Reputation: 43
I want to increase the learning rate from batch to batch inside of one epoch, so the first data the Net sees in one epoch has low learning rate and the last data it sees has high learning rate. How do I do this in tf.keras
?
Upvotes: 3
Views: 2880
Reputation: 4289
To modify the learning rate after every epoch, you can use tf.keras.callbacks.LearningRateScheduler
as mentioned in the docs here.
But in our case, we need to modify the learning rate after every batch is passed to the model. We'll use tf.keras.optimizers.schedules.LearningRateSchedule
for this purpose. This would modify the learning rate after each step or a gradient update.

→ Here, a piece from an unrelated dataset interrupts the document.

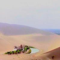 敦煌鸣沙山,无意间我看到了图1的照片,一直很想来,后来我实现了,来到月牙泉,感觉是那么的唯美,世界独一无二的天下奇观,沙漠中的绿洲!

Suppose I have 100 samples in my training dataset and my batch size is 5. The no. of steps will be 100 / 5 = 20 steps. Reframing the statement, in a single epoch, 20 batches will be passed to the model and gradient updates would also occur 20 times ( in a single epoch ).
Using the code given in the docs,
batch_size = 5
num_train_samples = 100
class MyLRSchedule(tf.keras.optimizers.schedules.LearningRateSchedule):
def __init__(self, initial_learning_rate):
self.initial_learning_rate = initial_learning_rate
def __call__(self, step):
return self.initial_learning_rate / (step + 1)
optimizer = tf.keras.optimizers.SGD(learning_rate=MyLRSchedule(0.1))
The value of step
will be go from 0 to 19 for the 1st epoch, considering our example. For the 2nd epoch, it will go from 20 to 39. For your use-case, we can modify the above like,
batch_size = 5
num_train_samples = 100
num_steps = num_train_samples / batch_size
class MyLRSchedule(tf.keras.optimizers.schedules.LearningRateSchedule):
def __init__(self, initial_learning_rate):
self.initial_learning_rate = initial_learning_rate
def __call__(self, step):
step_in_epoch = step - (( step // num_steps ) * num_steps )
# Update LR according to step_in_epoch
optimizer = tf.keras.optimizers.SGD(learning_rate=MyLRSchedule(0.1))
The value of step_in_epoch
will go from 0 to 19 for 1st epoch. For 2nd epoch, it will go from 0 to 19 again and likewise for all epochs. Update the LR accordingly.
Make sure that
num_train_samples
is perfectly divisible by the batch size. This would ease the calculation of no. of steps.
Upvotes: 2